Share Cortex Agents¶
As a provider, you can share an existing Cortex Agent with other organizations on Snowflake, allowing you to expand the user base of your agent and bring its value to other Snowflake customers. You can share your Cortex Agents either on Snowflake Marketplace or with designated accounts. For more information on being a provider for Snowflake Marketplace, see Use listings as a provider.
As a consumer of a shared Cortex Agent, you gain access to an easy-to-use interface to get insights from shared structured or unstructured data. For more information on consuming Cortex Agents, see Use listings as a consumer and Use and manage Snowflake Native Apps as a consumer.
Requirements¶
Sharing a Cortex Agent requires the following:
Sharing all linked objects such as semantic views or Cortex Search Services. For more information, see Create and configure shares and Sharing semantic views.
Shared linked objects must be in the same database as your shared Cortex Agent.

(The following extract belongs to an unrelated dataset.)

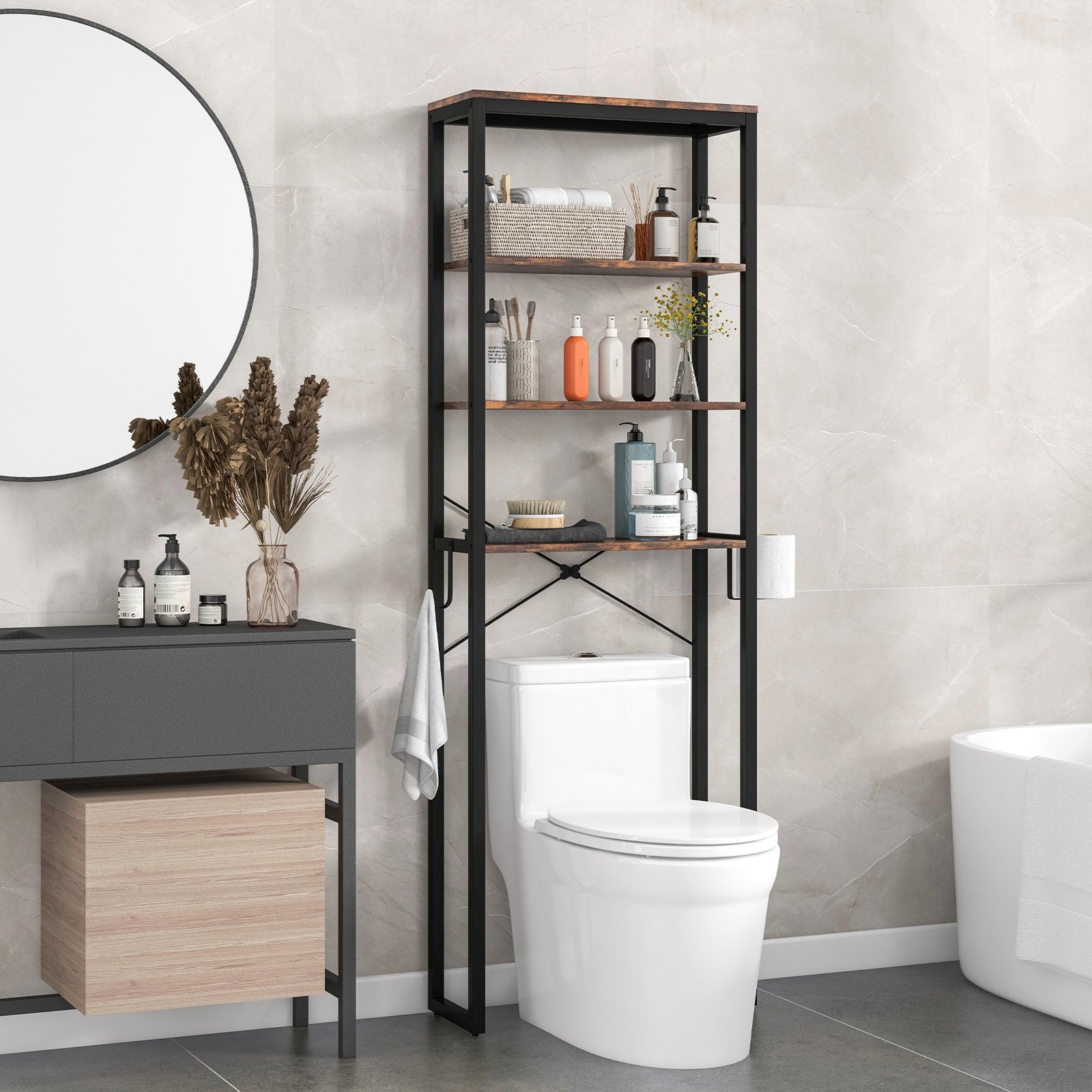 ● Large Storage Space: This over-the-toilet storage rack has four-tier open shelves which is convenient for you to store towels shampoo shower gel cosmetics and other bathroom necessities in an orderly manner. You don't have to bend over and get stuff under the sink anymore.

Only agents that use the following tool types can be shared: semantic views, Cortex Search Services, and functions. Agents that use other tool types, such as procedures, skills, or MCP connectors, can’t be shared.
Set a Cortex Agent as shared¶
You can share your Cortex Agents as a provider in Snowflake Marketplace through Provider Studio.
You can also set an agent as shared with a SQL statement. The following example adds the agent my_agent to the share my_share:
GRANT USAGE ON AGENT my_agent TO SHARE my_share;
If your agent uses linked objects such as semantic views, Cortex Search Services, or functions, you must also grant those objects to the share:
GRANT USAGE ON AGENT my_agent TO SHARE my_share;
GRANT SELECT, REFERENCES ON SEMANTIC VIEW my_sv TO SHARE my_share;
GRANT USAGE ON CORTEX SEARCH SERVICE my_css TO SHARE my_share;
GRANT USAGE ON FUNCTION my_function TO SHARE my_share;
When you add an agent to an existing share, the consumer user who has installed the share receives an email notification to try out the agent.
Identify shared agents in Snowsight¶
In the navigation menu, select AI & ML » Agents. The Source column indicates whether each agent is Local or Shared. Use this column to quickly distinguish between agents created in your account and agents shared with you from another account.
Consume a shared Cortex Agent¶
When you get a listing that contains a shared Cortex Agent, you can add the agent to Snowflake Intelligence. To do so, keep the Add to Snowflake Intelligence toggle enabled when you get the listing. This makes the shared agent available as a data source within Snowflake Intelligence.
Warehouse selection¶
By default, a shared agent runs using your default warehouse. You can specify a custom warehouse for query and tool execution to control compute resources and costs.
To configure a custom warehouse for a shared agent:
Sign in to Snowsight.
In the navigation menu, select AI & ML » Agents.
Select a shared agent. You can identify shared agents by the Source column.
Select More options menu (…) ‣ Configure warehouses for tools.
Select Custom, choose a warehouse, and then select Save.
After you configure a custom warehouse, the shared agent uses the specified warehouse to run queries and execute tools.
Replication¶
Shared Cortex Agents support replication. Listing auto-fulfillment replicates agents to other regions, allowing consumers in different regions to access the shared agent.
Limitations¶
The following limitations apply to shared Cortex Agents:
A SQL table function can be shared, but a Python user-defined table function can’t.
If you update a shared agent to use new tools (such as semantic views, Cortex Search Services, or functions), you must also grant those new tools to the share. New tools aren’t automatically added.
Cost considerations¶
In addition to any costs paid to the provider of the shared Cortex Agent, consumers are billed for the following:
Input and output tokens used by the consumer’s invocation of the shared agent.
Consumer’s warehouse usage for SQL query and tools execution.